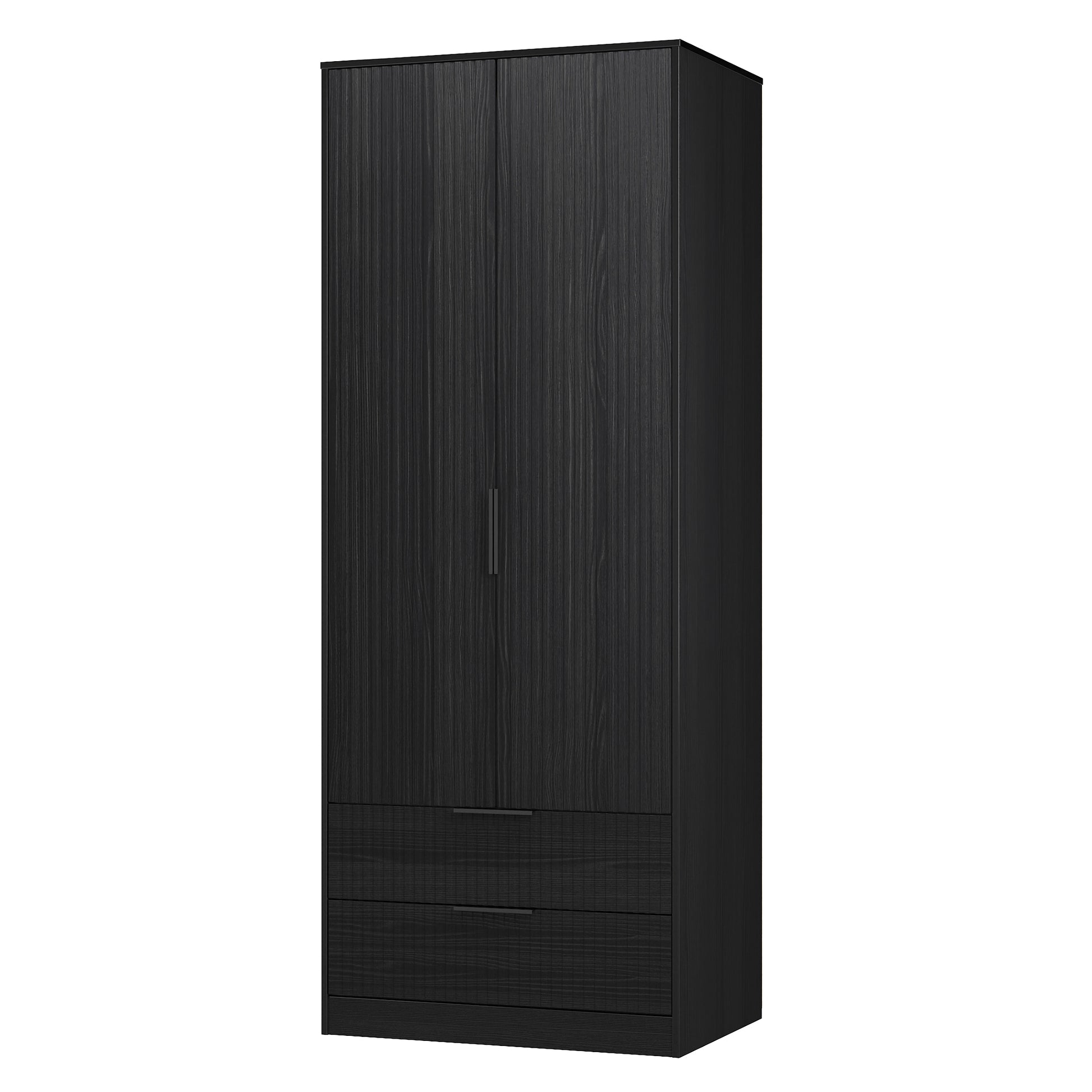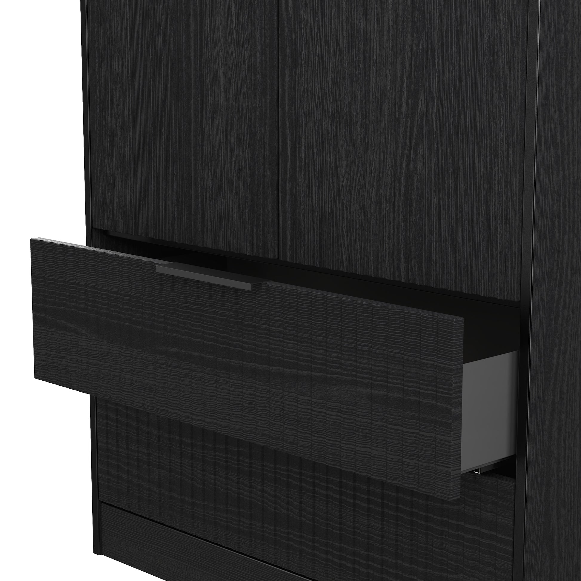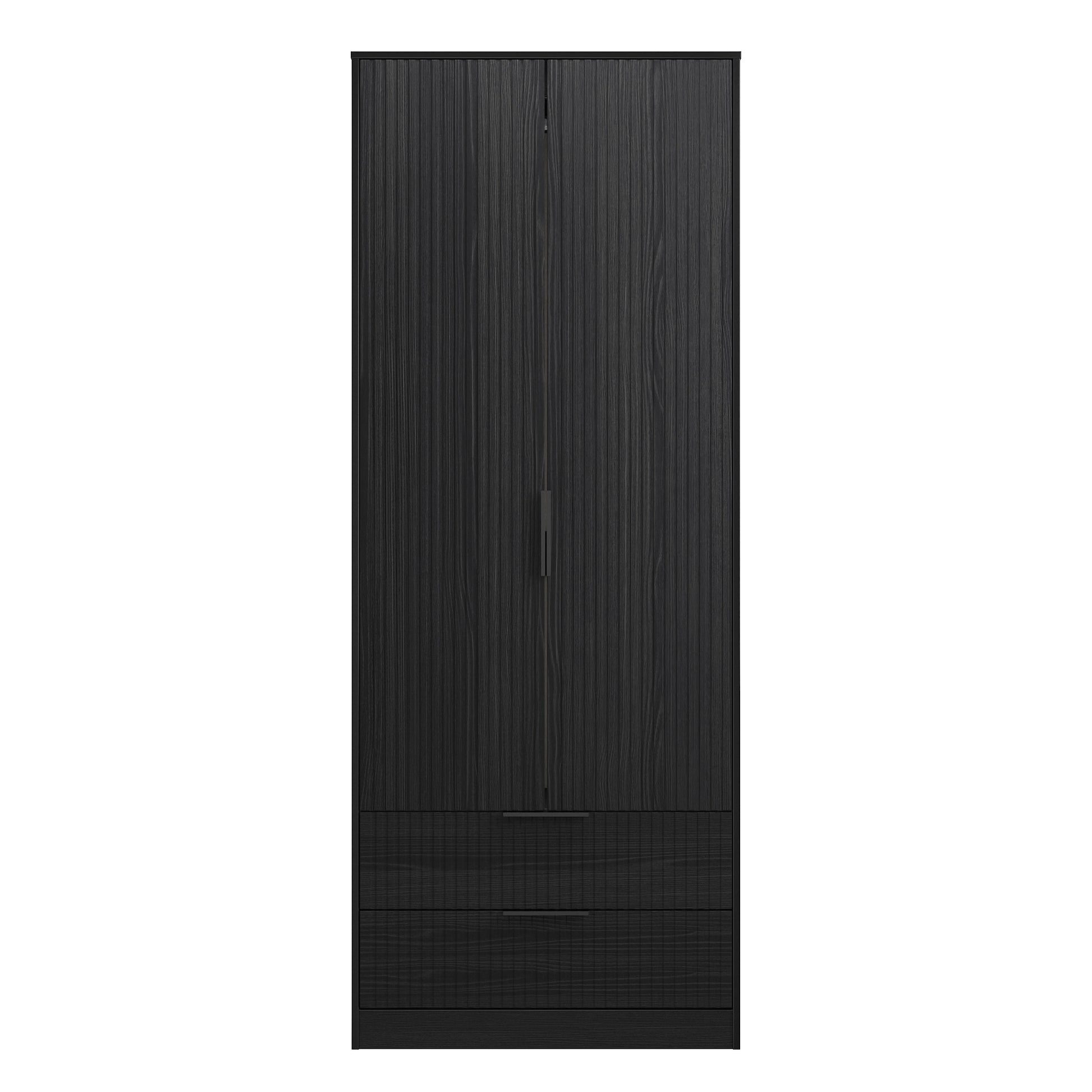 Fluted Tall Wardrobe Black 2 Drawers 197cm
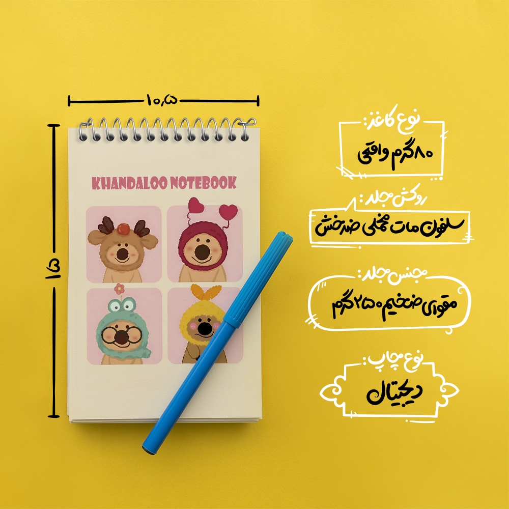 برند خندالو در زمینه تولید انواع دفاتر فانتزی و تحصیلی فعالیت میکند که به دلیل جذابیت ظاهری و طرح های متنوع طرفداران زیادی دارد. دفتر یادداشت خندالو طرح سگ های بامزه محصولی مناسب برای همه عاشقان لوازم التحریر است و همچنین همه کسانی که بنا به موقعیت تحصیل یا شغلشان با دفتر و نوشت افزار زیاد سر و کار دارند. در تولید دفتر یادداشت خندالو طرح سگ های بامزه از نوع صحافی فنر مارپیچ استفاده شده که در این نوع صحافی برگه‌ها به راحتی چرخیده و یا بیرون آورده می شوند.
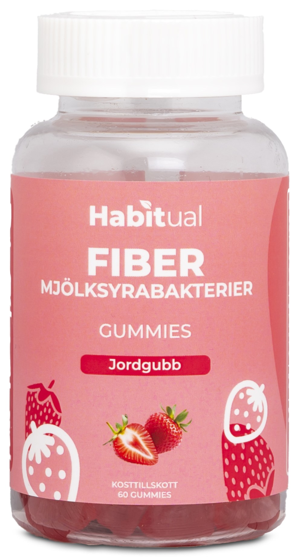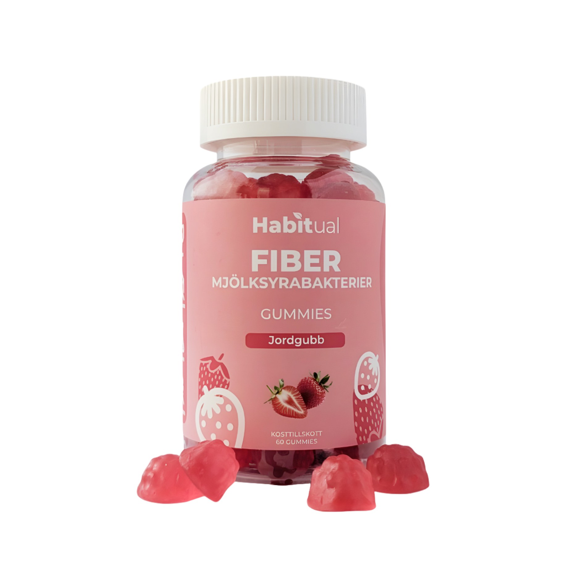 Habitual Fiber/Mjölksyrabakterie Gummies är jordgubbssmakande, sockerfria gummies med kostfiber och inaktiverad mjölksyrabakteriemix för dig som vill ge extra stöd åt tarmfloran och matsmältningen. En till två jordgubbssmakande gummies per dag är ett enkelt sätt att få i sig fibrer och mjölksyrabakterier.
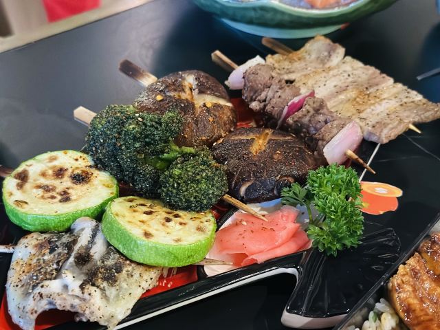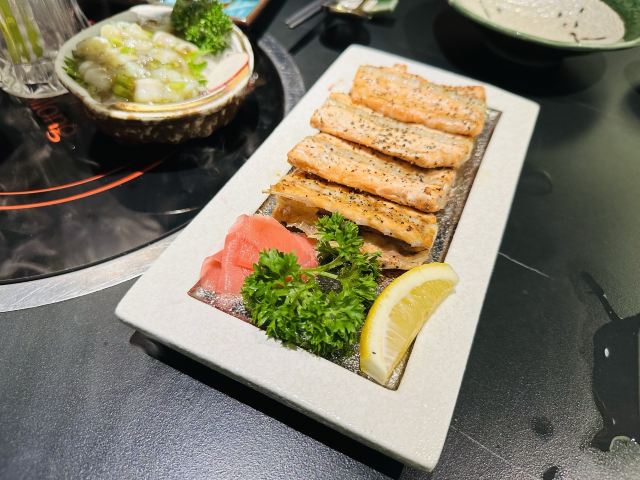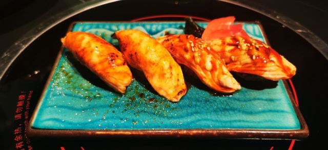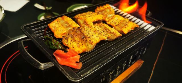 蒲烧活鳗鱼饭,菲力牛排,烤和牛牛舌,玫瑰花冰脆蔬菜沙拉,焦糖芝士拼炙烧三文鱼寿司,盐烤大青花鱼,招牌蒲烧200克鳗鱼饭,寿喜锅,刺身三拼盘中份,招牌鳗鱼饭,三文鱼汤,蔬菜沙拉,鳗鱼拼鹅肝饭,香煎鵝肝,鳗鱼拼菲力牛排
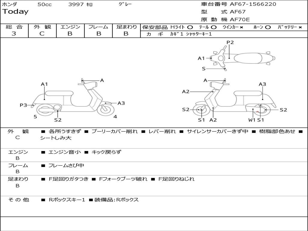 | Номер рамы / VIN | AF67-1566220 |
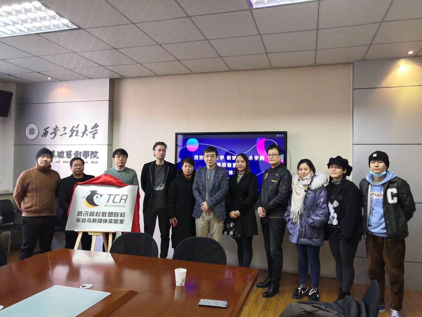 2021年1月7日, 腾讯高校联盟院校布谷鸟新媒体实验室在98堂 98堂 会议室落成。腾讯互娱平台营销部陕西片区市场经理朱莉,98堂 院长马冬、副院长丛红艳、动画专业教师出席了仪式,仪式由影像动画艺术系主任雷桐主持。
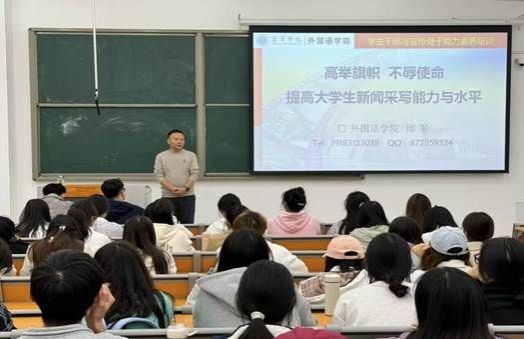 为提高大学生新闻消息和工作简报写作能力与水平,进一步加强校园新闻宣传工作,2024年11月7日,外国语学院在临港校区二期8D104教室开展学生干部与宣传骨干能力素养培训会。本次培训会由外国语学院副处级组织员邱军主讲,学院团总支、学生会、党务办等部门学生干部和新闻宣传工作骨干50多人参加培训。
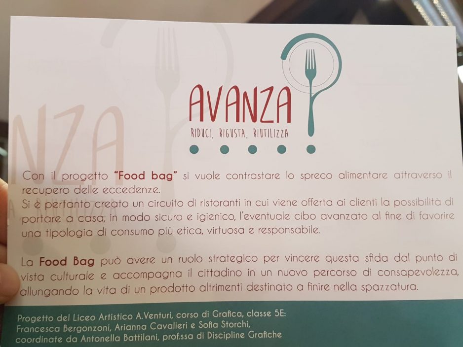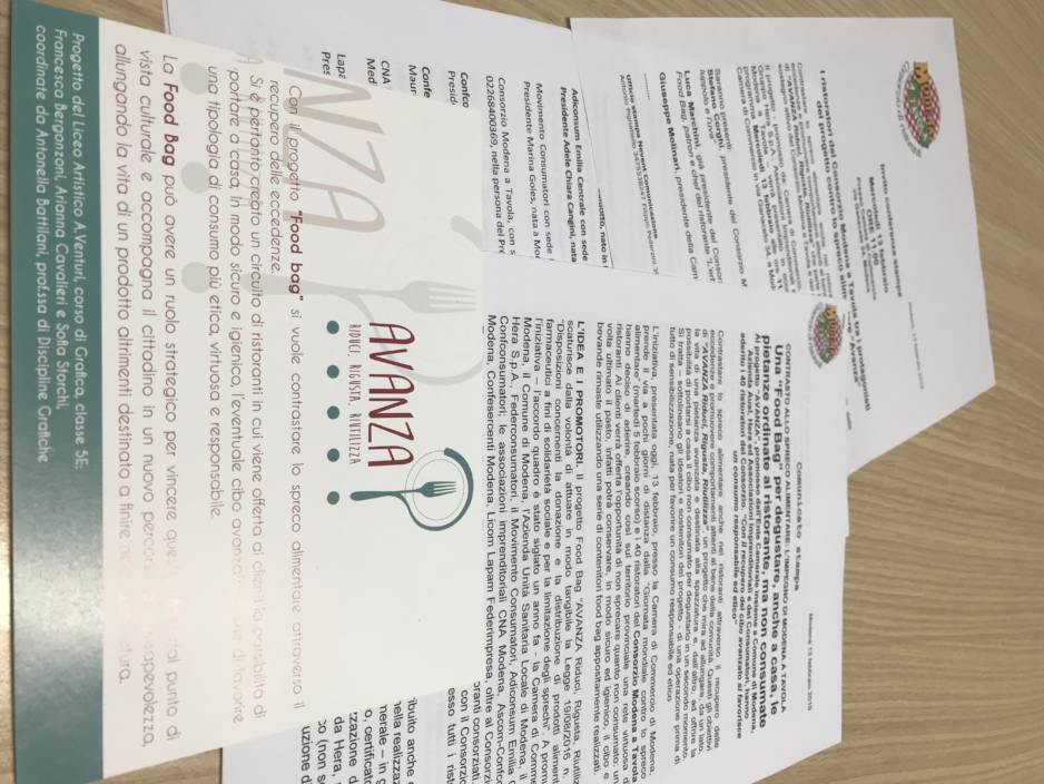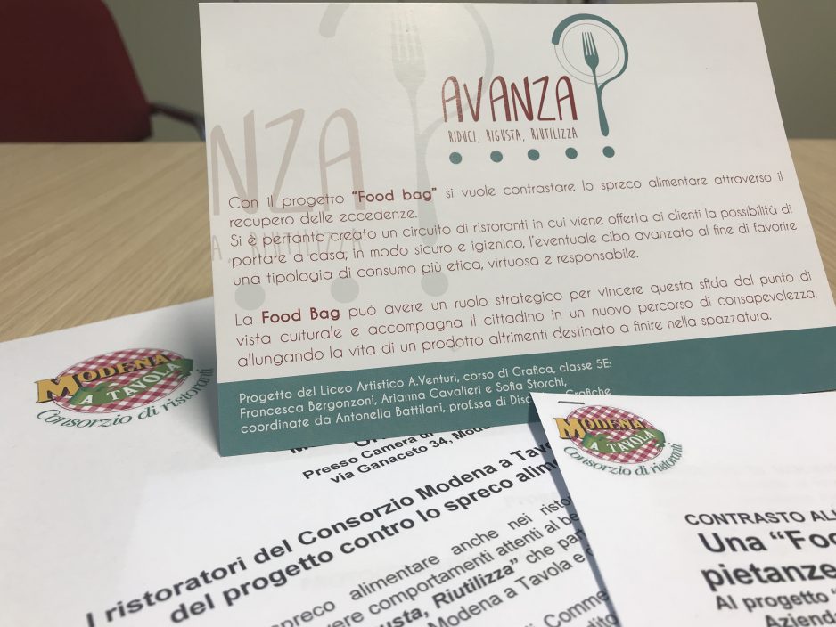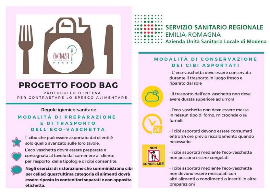 L’IDEA E I PROMOTORI. Il progetto Food Bag “AVANZA Riduci, Rigusta, Riutilizza”, scaturisce dalla volontà di attuare in modo tangibile la Legge 19/08/2016 n. 166, “Disposizioni concernenti la donazione e la distribuzione di prodotti alimentari e farmaceutici a fini di solidarietà sociale e per la limitazione degli sprechi”. A promuovere l’iniziativa – l’accordo quadro è stato siglato un anno fa – la Camera di Commercio di Modena, il Comune di Modena, l’Azienda Unità Sanitaria Locale di Modena, il Gruppo Hera S.p.A., Federconsumatori, il Movimento Consumatori, Adiconsum Emilia Centrale, Confconsumatori; le associazioni imprenditoriali CNA Modena, Ascom-Confcommercio Modena, Confesercenti Modena, Licom Lapam Federimpresa, oltre al Consorzio Modena a Tavola che ha scelto di aderire all’iniziativa con tutti i 40 ristoranti consorziati. La CCIAA inoltre, in collaborazione con le Associazioni Imprenditoriali e con il Consorzio Modena a Tavola, sosterrà una promozione capillare dell’iniziativa presso tutti i ristoratori della provincia.
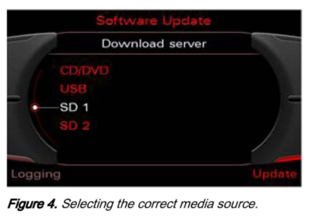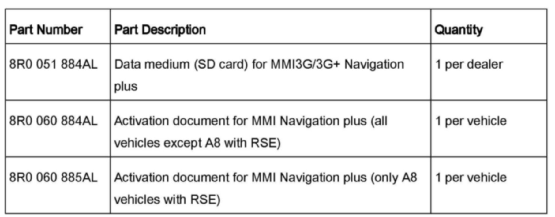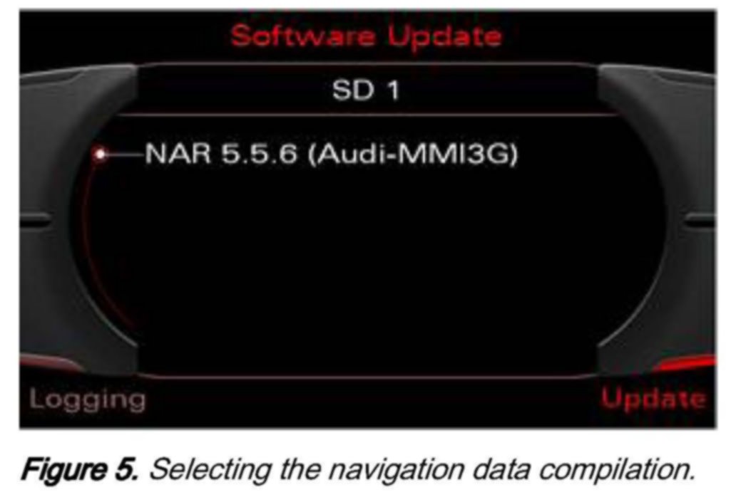 Tip: The steps below are not comprehensive and are only intended to highlight differences from a MMI software (Zug) update. Refer to TSB 2028141, 91 Generic instructions for updating MMI3G / MMI3G+ software and navigation data, for more detailed instructions on MMI update procedures. Note however that the instructions are generic and some portions may not apply to this specific TSB (e.g. importing and exporting customer code data is not necessary for this navigation data compilation update).
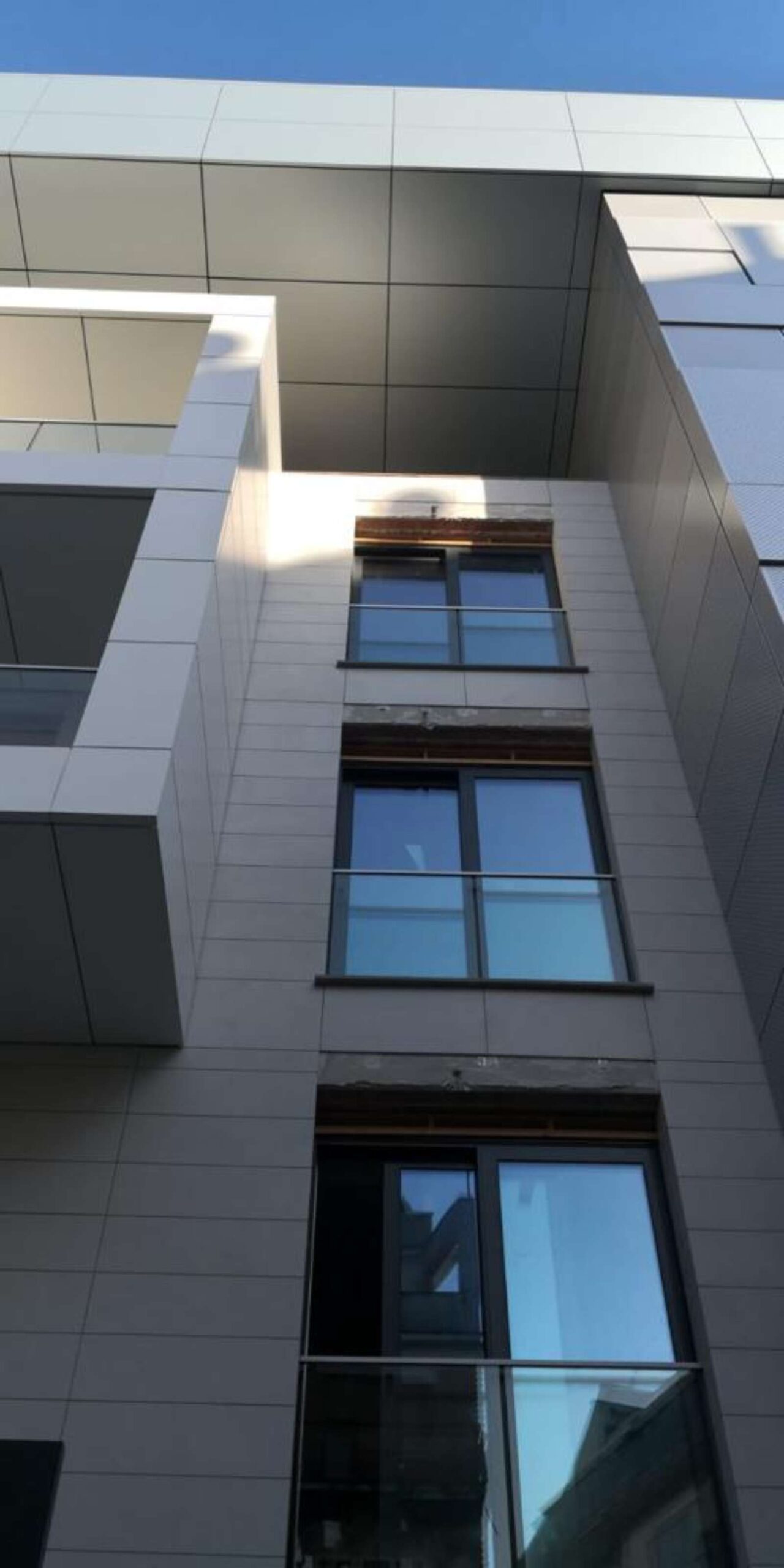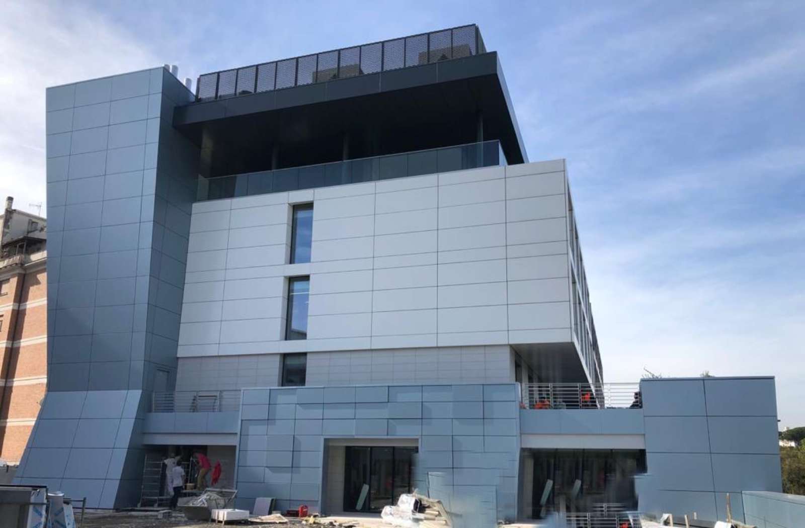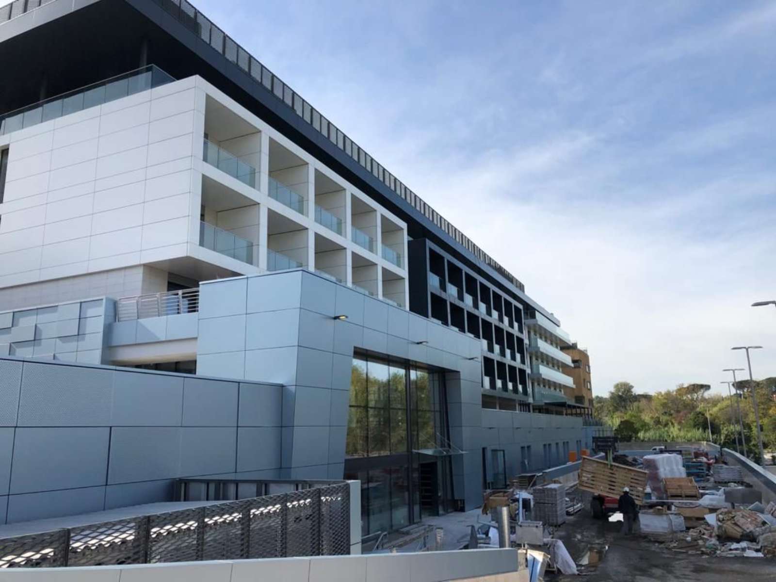 Sotto struttura in alluminio con realizzazione di tralicci realizzati con tubolari 50×50 con profili a ” T ” più staffe di appensione alluminio, con rivestimento di doghe in ALUCOBOND con fissaggio a scomparsa.

○ ○ ○ ○

**Problem requirements**
Everything from the top line of the data down to and including the line with "为提高大学生新闻消息和工作简" is to be copied, except the pictures.

**Solution to the problem**
 Fluted Tall Wardrobe Black 2 Drawers 197cm
 برند خندالو در زمینه تولید انواع دفاتر فانتزی و تحصیلی فعالیت میکند که به دلیل جذابیت ظاهری و طرح های متنوع طرفداران زیادی دارد. دفتر یادداشت خندالو طرح سگ های بامزه محصولی مناسب برای همه عاشقان لوازم التحریر است و همچنین همه کسانی که بنا به موقعیت تحصیل یا شغلشان با دفتر و نوشت افزار زیاد سر و کار دارند. در تولید دفتر یادداشت خندالو طرح سگ های بامزه از نوع صحافی فنر مارپیچ استفاده شده که در این نوع صحافی برگه‌ها به راحتی چرخیده و یا بیرون آورده می شوند.
 Habitual Fiber/Mjölksyrabakterie Gummies är jordgubbssmakande, sockerfria gummies med kostfiber och inaktiverad mjölksyrabakteriemix för dig som vill ge extra stöd åt tarmfloran och matsmältningen. En till två jordgubbssmakande gummies per dag är ett enkelt sätt att få i sig fibrer och mjölksyrabakterier.
 蒲烧活鳗鱼饭,菲力牛排,烤和牛牛舌,玫瑰花冰脆蔬菜沙拉,焦糖芝士拼炙烧三文鱼寿司,盐烤大青花鱼,招牌蒲烧200克鳗鱼饭,寿喜锅,刺身三拼盘中份,招牌鳗鱼饭,三文鱼汤,蔬菜沙拉,鳗鱼拼鹅肝饭,香煎鵝肝,鳗鱼拼菲力牛排
 | Номер рамы / VIN | AF67-1566220 |
 2021年1月7日, 腾讯高校联盟院校布谷鸟新媒体实验室在98堂 98堂 会议室落成。腾讯互娱平台营销部陕西片区市场经理朱莉,98堂 院长马冬、副院长丛红艳、动画专业教师出席了仪式,仪式由影像动画艺术系主任雷桐主持。
 为提高大学生新闻消息和工作简报写作能力与水平,进一步加强校园新闻宣传工作,2024年11月7日,外国语学院在临港校区二期8D104教室开展学生干部与宣传骨干能力素养培训会。本次培训会由外国语学院副处级组织员邱军主讲,学院团总支、学生会、党务办等部门学生干部和新闻宣传工作骨干50多人参加培训。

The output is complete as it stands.